Nació en Potenza el 4 de enero de 1651. Era hijo de Lelio Lavagna y Catalina Pica, y debió darles multitud de satisfacciones en su infancia y adolescencia por su candor e inocencia evangélicas. El 4 de octubre de 1666, a la edad de 15 años, tomó el hábito religioso de los Hermanos Menores Conventuales de Nocera dei Pagani. Luego inició estudios eclesiásticos, formándose en Aversa, Madaloni, Benevento y Amalfi, lugar donde fue ordenado sacerdote. Su director era Domingo Giurardelli de Muro Lucano, quien ya percibiría la docilidad y mansedumbre de Buenaventura, cuya obediencia era ciertamente proverbial. Una vez, después de costosísimo trabajo, logró extraer la llave de la bodega que se había caído en el interior de un pozo, en obediencia a la indicación recibida de su superior.

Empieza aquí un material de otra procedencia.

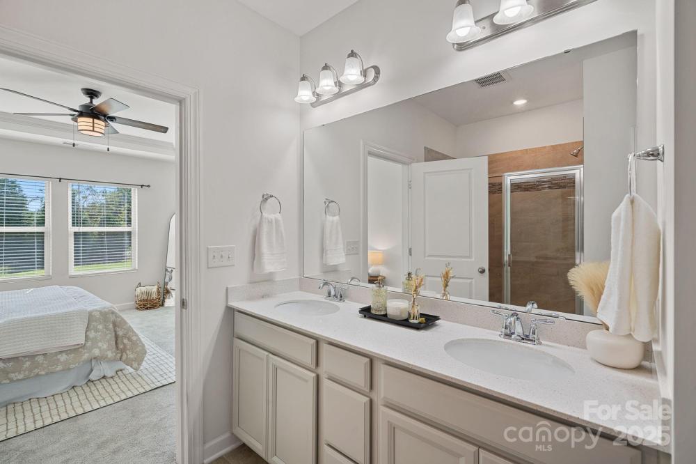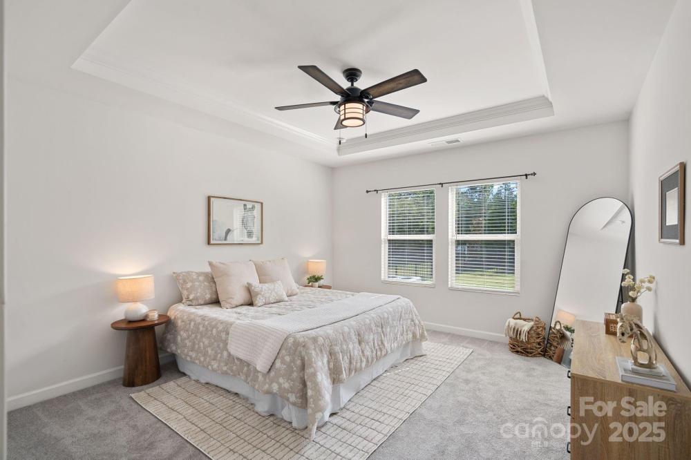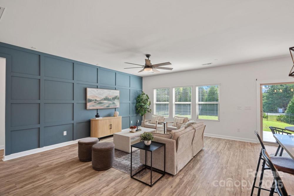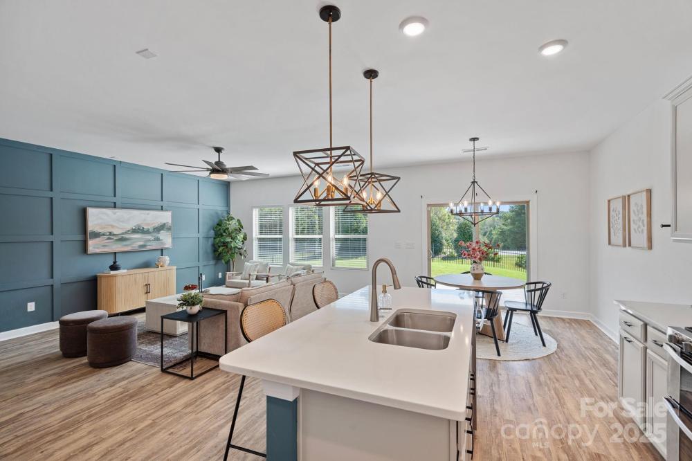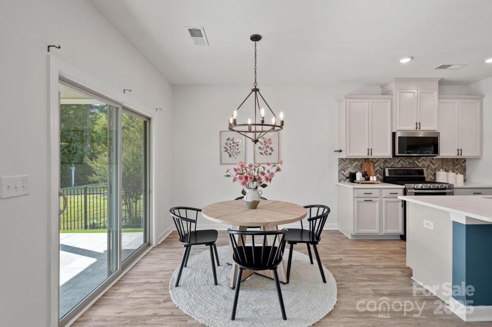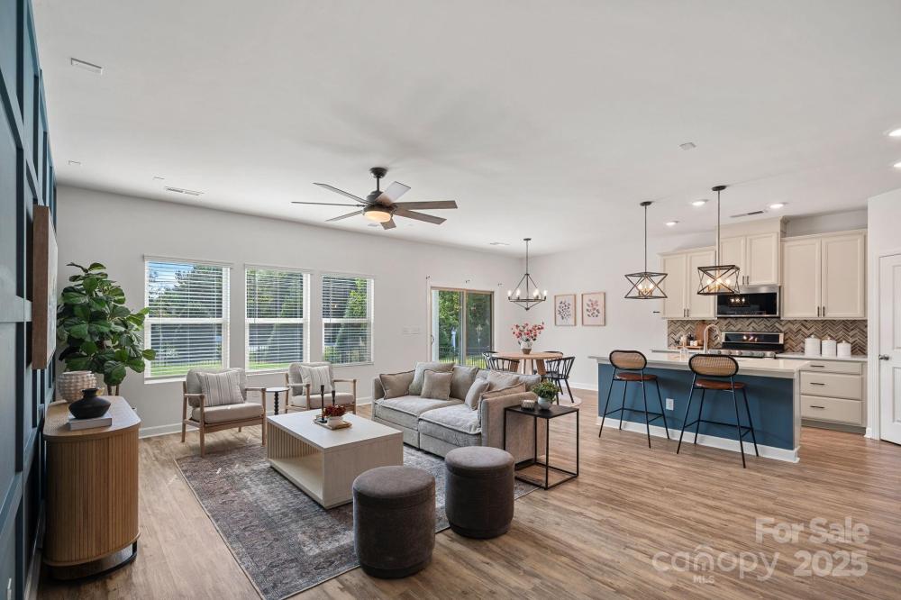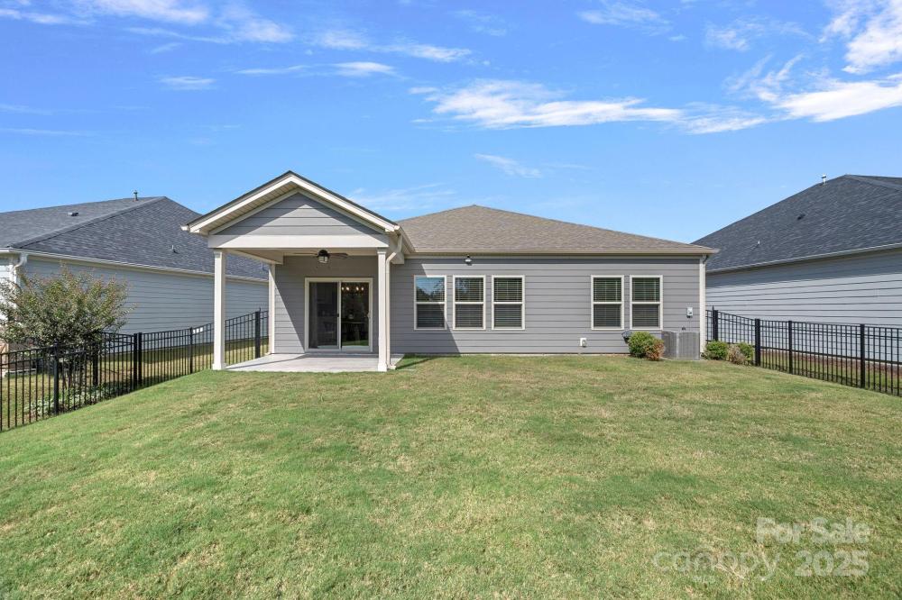Welcome to your stunning, like-new home in the desirable Canopy Creek Community with Fresh Paint & Brand New Carpet. Step inside and be greeted by sophisticated design elements that set this home apart. Vinyl plank flooring flows seamlessly throughout the open main living areas, complementing the coffered wall detailing in the great room—perfect for entertaining. The entry hallway boasts charming board and batten wainscoting, adding a touch of classic craftsmanship. This 3-bedroom, 2-bathroom residence is designed for modern living, showcasing a chef's kitchen with quartz countertops, a gas range, with a double oven, all flowing into the dining and living area. The primary suite offers a tray ceiling and a stylish bathroom with a tile shower, walk-in closet, and linen closet. Enjoy year-round entertaining on the covered patio with porcelain tiles, overlooking the secure fully fenced backyard. The HOA in Canopy Creek takes care of the lawn maintenance, freeing up your weekends. You'll also have access to incredible community amenities, including a refreshing outdoor pool and scenic walking trails. For the avid golfers, Verdict Ridge Golf Course is located just across the street! Don't miss the opportunity to own this exceptional home where luxury meets low-maintenance living!
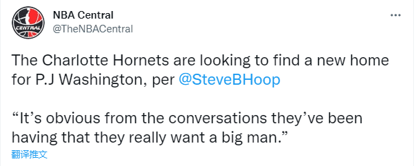 据美媒NBA Central报道,黄蜂正在为PJ-华盛顿寻找新的东家,黄蜂想要引援一名大个子球员。
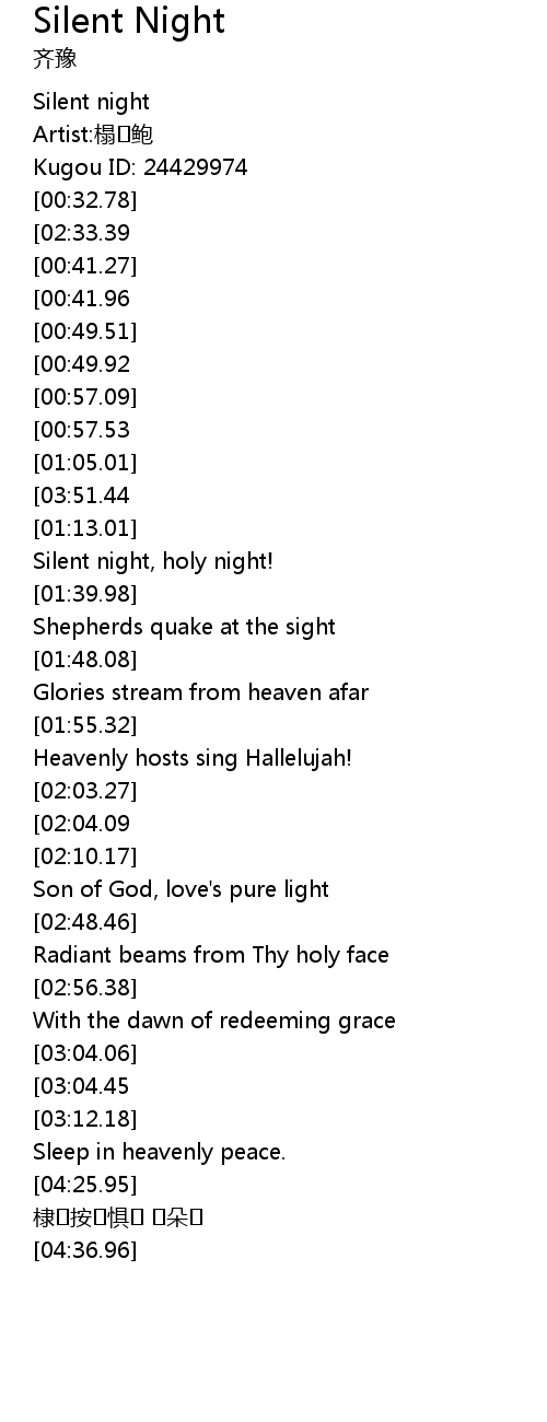 | [03:20.19][02:33.39][00:34.04] | Silent night, holy night |

Su estancia en Amalfi, ocho fecundos años de su vida, pusieron de relieve las virtudes de las que estaba adornado. Eso sí, tuvo que luchar contra tendencias que pugnaban por dominarle, una de las cuales era su fuerte temperamento fácilmente inclinado a la ira. El camino para doblegar esta tendencia no fue fácil, pero era conocedor de la consigna que Cristo da a sus discípulos: negarse a uno mismo. Por eso, aunque un volcán de sentimientos inundaba su ser cuando era objeto de injusticias, reproches e injurias, instándole a protegerse de ellos, no claudicó. Con la inalterable fidelidad a Cristo, su férrea voluntad, y la gracia divina, su carácter indómito se trocó en un dechado de paciencia y dulzura.
La oración y la mortificación, en la que incluía los viernes la flagelación en memoria de la Pasión del Redentor, y una vida de austeridad y pobreza, marcaron su día a día. Era un apóstol incansable que iba de casa en casa, si hacía falta, para llegar al corazón de los pecadores. Fue un gran confesor al que acudían incontables penitentes, por eso permanecía en el confesionario jornadas enteras. Profesaba una gran devoción a María, a la que se encomendaba; ya la concebía como Inmaculada, aunque el dogma que iba a corroborar esta gracia aún no había sido proclamado. Y ese amor lo infundía a su derredor enseñando a los fieles a tener confianza en Ella. Al respecto, sentía profunda admiración por Duns Scoto, en cuyo lugar de defensor de la Madre de Dios hubiera querido estar. No sintió inclinación alguna hacia misiones de responsabilidad. Declinó ser guardián en varias ocasiones, pero en 1703 lo designaron maestro de novicios destinándolo a Nocera di Pagani donde desempeñó esta labor durante cuatro años.
En 1707 se hallaba en Santo Spirito de Nápoles y tenía una salud ya resquebrajada. Siempre sintió especial dilección por los enfermos a los que consolaba y asistía llevado de su compasión y piedad, aunque el mismo trato dispensaba a los que sufrían por las razones que fuese. En esta época socorrió a los enfermos de cólera afectados en la epidemia de Vomero. En enero de 1710 un nuevo traslado lo condujo al convento de Ravello donde se le encomendó la dirección de los monasterios de Santa Clara y de San Cataldo. A lo largo de su existencia fue agraciado con muchos dones y carismas. Incluso mucho tiempo después de su muerte—que se produjo en Ravello el 26 de octubre de 1711, tras una semana de enfermedad— fue objeto de un hecho prodigioso según narran las crónicas. Al parecer, cuando se disponían a extraer algo de sangre de su brazo, el vicario general se situó junto al féretro ordenando que lo sacara. Al ver que no se producía movimiento alguno, encomendó al Padre guardián: «¡Padre, mandadle por santa obediencia que saque el brazo!», y post mortem, obedeció. Este episodio fue posteriormente analizado por un grupo de bolandistas que concluyeron sugiriendo la posibilidad que el beato aún podría haber estado vivo. También se afirma que una vez fallecido su cuerpo fue expuesto ante el altar del Santísimo Sacramento y se inclinó adorándolo.
Sean ciertos estos hechos o formen parte de la leyenda, lo importante fue que Buenaventura vivió abrazado a la cruz de Cristo asumiendo su particular martirio cotidiano por amor a Él y al prójimo. Y de eso hay constancia plena. Fue beatificado por Pío VI el 26 de noviembre de 1775.